女の神氷水と云う標識が見えたので駐車場を探して停める。氷水なんて言葉に惹かれてそれを今日の第一目標にして遣って来たんだ。日陰が多いので、場所を選ばず車を停める。うん、結構見物人が多い。良く見るとタンク等を持った人達が5,6人。そう云う人達がうろうろ。うーんここは画を描くというより、名水を汲んで帰る所らしい。でも折角来たんだから、ちょっと覗いていこう。

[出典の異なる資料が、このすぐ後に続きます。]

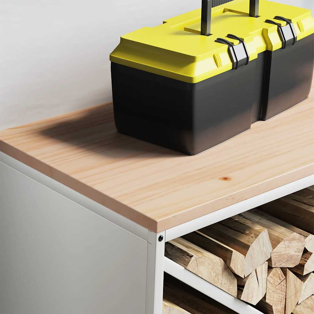 vidaXL Ράφι για καυσόξυλα με ξύλινη κορυφή Λευκό 100,5x35,5x40 εκ.
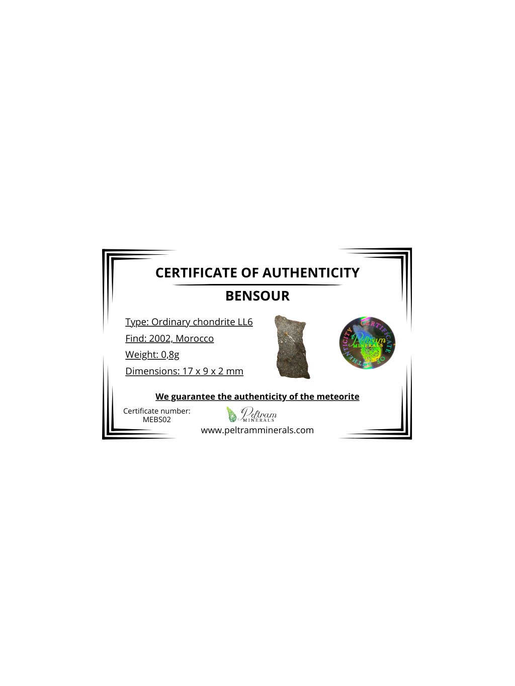 Meteorit Bensour je obyčejný chondrit typu LL6, který dopadl v Maroku v roce 2002 poblíž hranic s Alžírskem. Celková nalezená hmotnost je odhadována na více než 45 kg, přičemž největší kus váží 9,2 kg.Pád meteoritu Bensour pozorovali svědci, kteří viděli jasný objekt na obloze, slyšeli výbuchy a viděli, jak úlomky dopadly přibližně 3 kilometry od místa, kde se nacházeli.
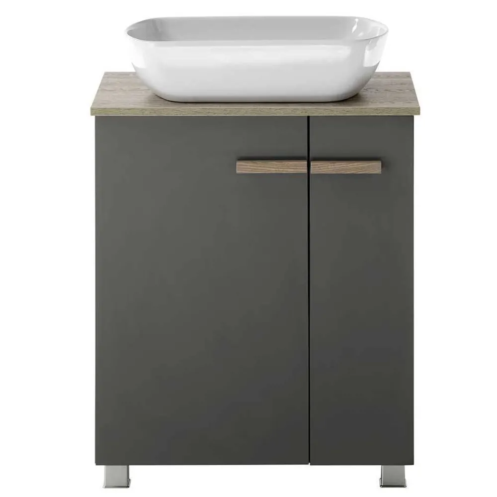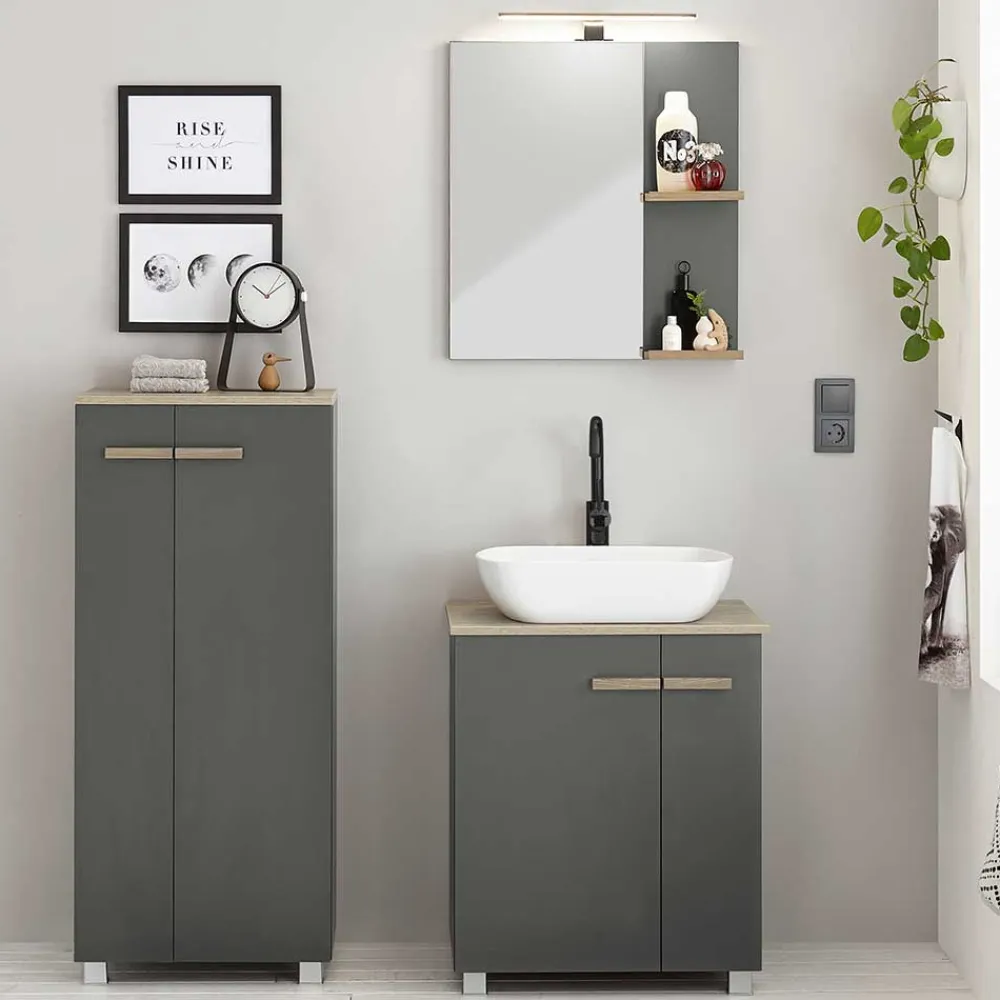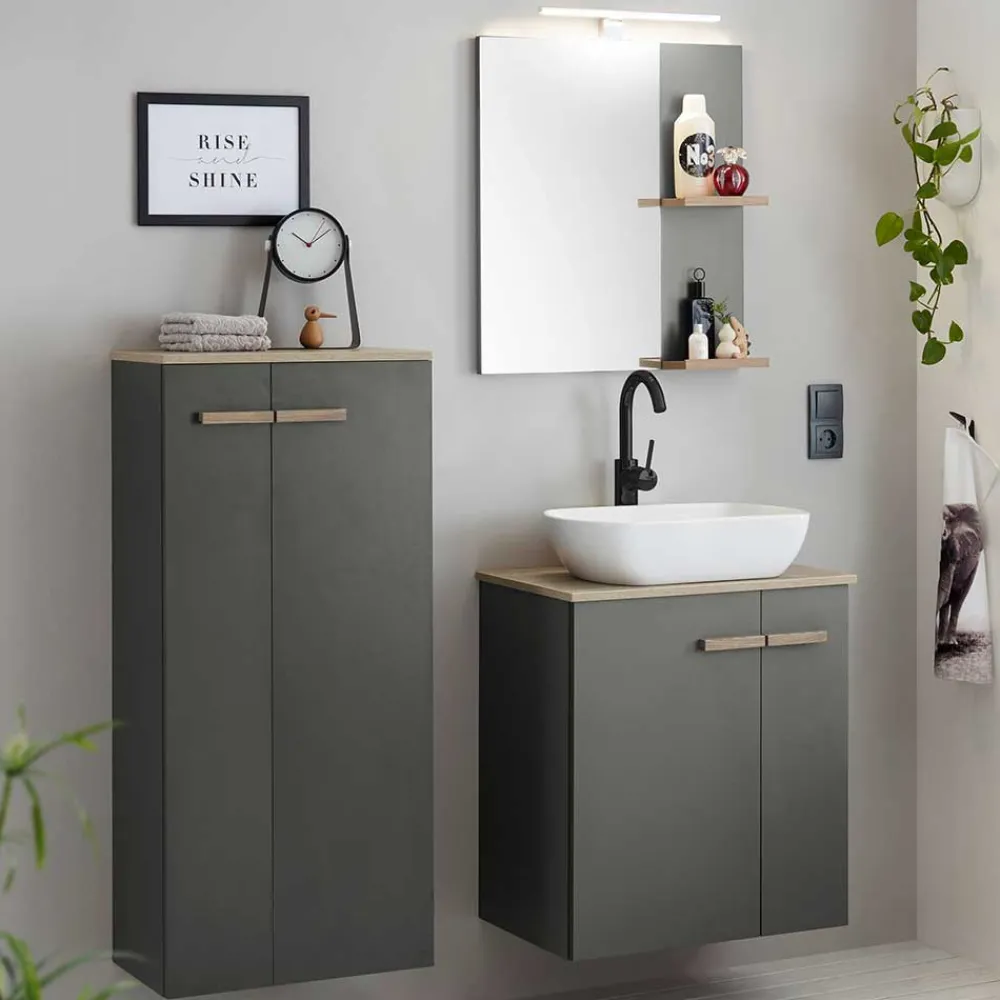 - Ausgezeichnete Badmöbel in Anthrazit und Eichefarben

「少しの間、大人しく車の中で待っててちょうだい、酔っ払い幽霊さんたち」

「はあーい、はい。行ってらしゃい、お姫様」矢張りこいつ等酔っ払っている。

成る程清らかな水がいたる所から流れ落ちて、小さな滝のように見える所もある。然し画を描く意欲は余り湧かない。この場所は夏だったら最高に気持ち良いだろうが、今は5月も末とは言いながら、結構気温が低い上に幽霊3人も引き連れて、狭い車の中で過ごしていたんだから、多恵さんには余りありがたくない。どちらかと言うと冷えに冷えてる感じ。むしろ今は無性に暖かい蕎麦が食べたい。

うーん、どうしても食べたい。この辺に蕎麦屋さんは・・在った。少し離れた所に手打ち蕎麦のひらひら舞う上りが見える。ありがたい、天の助けかな。

まだ開店してからそんなに年数は行っていないだろう、と思える佇まい。暖簾を分けて中に入る。

「いらしゃいませ!」もう直ぐ2時だもの、客は他にはいなかった。多恵さんと同じくらいの女性が声をかける。何か後ろに気配を感じる。あいつら食べ物に引かれて又出てきやがったな。後ろを振り向くと元蕎麦屋の旦那が一人立っていた。

「あのう、あったかい、蕎麦、山菜蕎麦が好いかな。一つ貰えます」彼を無視して注文する。

「山菜蕎麦ですね、畏まりました。山菜蕎麦一つ!温かいの」女性は奥の方へ声をかける。

「あいよ」と返事がかえる。

「ここいらは水がとても綺麗で美味しいからお蕎麦も素晴しいんですよ」と女性はお茶を出しながら微笑みかける。

「そうでしょうね、水を汲みに沢山の人が来てましたものね」

そう言いながら元蕎麦屋の旦那を見る。彼も多恵さんの方を無視している。只管、この女性を見つめている。ああこういう人が彼の好みなんだなと多恵さん一人納得。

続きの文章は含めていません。